PENYAKIT Demam Berdarah Dengue (DBD) masih terjadi hampir di sekitar 93 persen kota/kabupaten masih mengalami insiden rate yang tinggi. Tahun 2025 kasus DBD sampai 16 Februari 2025 sudah mencapai 10.752 kasus dengan insiden ratenya sekitar 3,79 per 100 ribu penduduk dengan kematian sekitar 48 kasus dengan CFR 0,48.
"Jadi ini memang kelihatan dengue memang pada trennya dari tahun ke tahun sejak 2016 kita petakan, itu biasanya pada akhir tahun itu akan mengalami kenaikan. Sampai bulan Maret-April mengalami penurunan, kemudian bulan Oktober, November, Desember mulai naik lagi, dan puncaknya biasanya adalah Januari, Februari, Maret ini," Direktur Penyakit Menular Kementerian Kesehatan Ina Agustina dalam diskusi secara daring, Kamis (20/2).

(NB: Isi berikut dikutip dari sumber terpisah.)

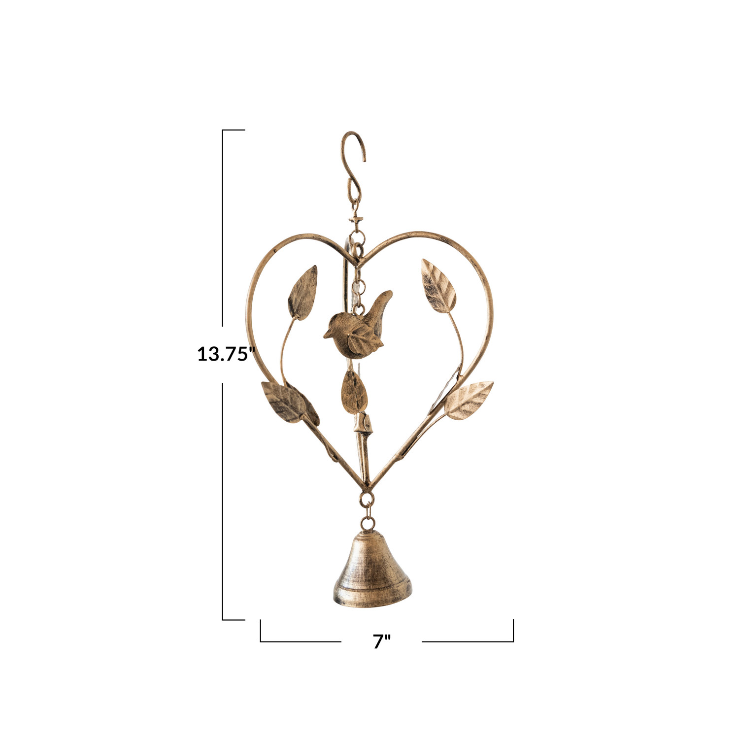 Add some charm and elegance to any space with this hanging metal heart shaped decor. This beautiful accessory features a lovely bird perched on top of a metal heart that has a tinkling bell at the bottom. The heart is adorned with a cascade of green leaves that create a natural and fresh look. The metal material has an antique gold finish that gives it a rustic and elegant touch. The decor has a convenient hanging mechanism that allows it to be hung vertically on any wall or door. It measures 7 inches round and 13.75 inches high, making it a generous size for any space. This hanging metal heart shaped decor is a perfect accent for any farmhouse, French country, boho, garden, or vintage style home. It can be used to add some charm and elegance to any room with its beautiful design and quality material.
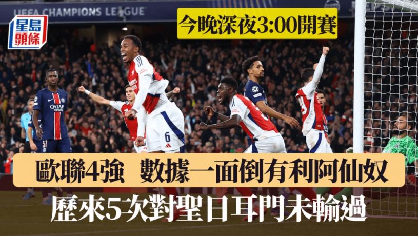 歐聯4強大戰今晚展開,阿仙奴打頭陣在首回合主場鬥巴黎聖日耳門。聖日耳門過去兩圈分別淘汰另外兩支英超球隊利物浦和阿士東維拉晉級,實力上有一戰之力,但他們在數據上就全面處下風,過去5次與阿仙奴交手不勝,加上近6次歐聯造訪英格蘭球隊輸了其中5場,往績對他們不利。

Pada tahun 2024 jumlah kumulatif kasus DBD di Indonesia sampai dengan minggu ke-53 hampir sekitar 247 ribu dengan insiden rate sekitar 88 per 0,46 per 100 ribu penduduk dan sudah 1.418 kematian. Angka tersebut berasal dari 488 kabupaten kota di 36 provinsi.
Selain DBD penyakit yang perlu diwaspadai oleh masyarakat adalah cikungunya. Sampai Desember 2024 yang tercatat sudah di 7 provinsi dengan total kasus 571 kasus dan tanpa kematian.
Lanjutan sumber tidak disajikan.